In this post, you’ll learn the truth about these myths from Jacob Blizzard, a Board Certified Criminal Law and Criminal Appeal Attorney specialist. Whether you’re a convicted felon, a friend or family member of a convicted felon, or just curious about the criminal justice system, this post will give you a better understanding of the appeals process in Texas.

Myth #1: Appeals Never Work

Myth #2: I Can Introduce New Evidence In My Appeal

Myth #3: I’m Entitled to A Court Appointed Attorney Throughout The Process

Board Certified Criminal Appeal and Criminal Law Attorney Jacob Blizzard addresses those myths in this video.

Some people also believe that they can pursue an appeal without legal representation. While this is technically true, it’s not recommended. The appeals process is complex and requires a thorough understanding of criminal law and the appeals system. Additionally, the appellate courts have very strict rules for briefs and oral arguments. Hiring an experienced criminal appeal attorney can greatly improve your chances of success. Appeal attorneys who regularly work appeal cases daily have a deep understanding of the process, they also know what federal options for relief are available if a state appeal is denied.

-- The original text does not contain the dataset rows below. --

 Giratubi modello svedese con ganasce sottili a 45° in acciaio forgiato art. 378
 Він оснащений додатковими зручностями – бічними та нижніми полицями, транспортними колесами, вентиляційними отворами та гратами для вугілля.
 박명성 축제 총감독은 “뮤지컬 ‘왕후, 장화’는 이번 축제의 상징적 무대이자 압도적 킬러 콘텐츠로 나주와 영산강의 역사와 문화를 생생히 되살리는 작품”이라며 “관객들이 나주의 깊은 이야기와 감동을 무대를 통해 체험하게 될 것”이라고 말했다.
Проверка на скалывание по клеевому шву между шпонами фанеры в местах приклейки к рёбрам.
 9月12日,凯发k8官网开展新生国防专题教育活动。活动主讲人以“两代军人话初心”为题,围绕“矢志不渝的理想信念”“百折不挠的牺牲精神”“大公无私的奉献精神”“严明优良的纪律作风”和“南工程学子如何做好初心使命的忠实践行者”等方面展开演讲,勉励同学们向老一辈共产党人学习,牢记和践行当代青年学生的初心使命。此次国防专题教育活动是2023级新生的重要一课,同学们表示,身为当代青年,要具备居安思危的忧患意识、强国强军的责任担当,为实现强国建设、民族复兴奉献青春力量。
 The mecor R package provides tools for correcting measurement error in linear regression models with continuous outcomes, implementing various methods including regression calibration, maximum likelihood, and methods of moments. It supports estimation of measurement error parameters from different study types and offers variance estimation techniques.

If you or someone you know is considering an appeal in a criminal case in Texas, it’s important to understand the myths surrounding the process.

Appeals are not just for those who claim innocence, they can take a long time, and legal representation is highly recommended.

By working with a qualified board-certified criminal post-conviction appeal attorney, you can navigate the appeals system with confidence and potentially obtain a more favorable outcome.

Hopefully, this post has helped to dispel some of the myths surrounding appeals. We hope it’s given you a clearer understanding of the appeals process.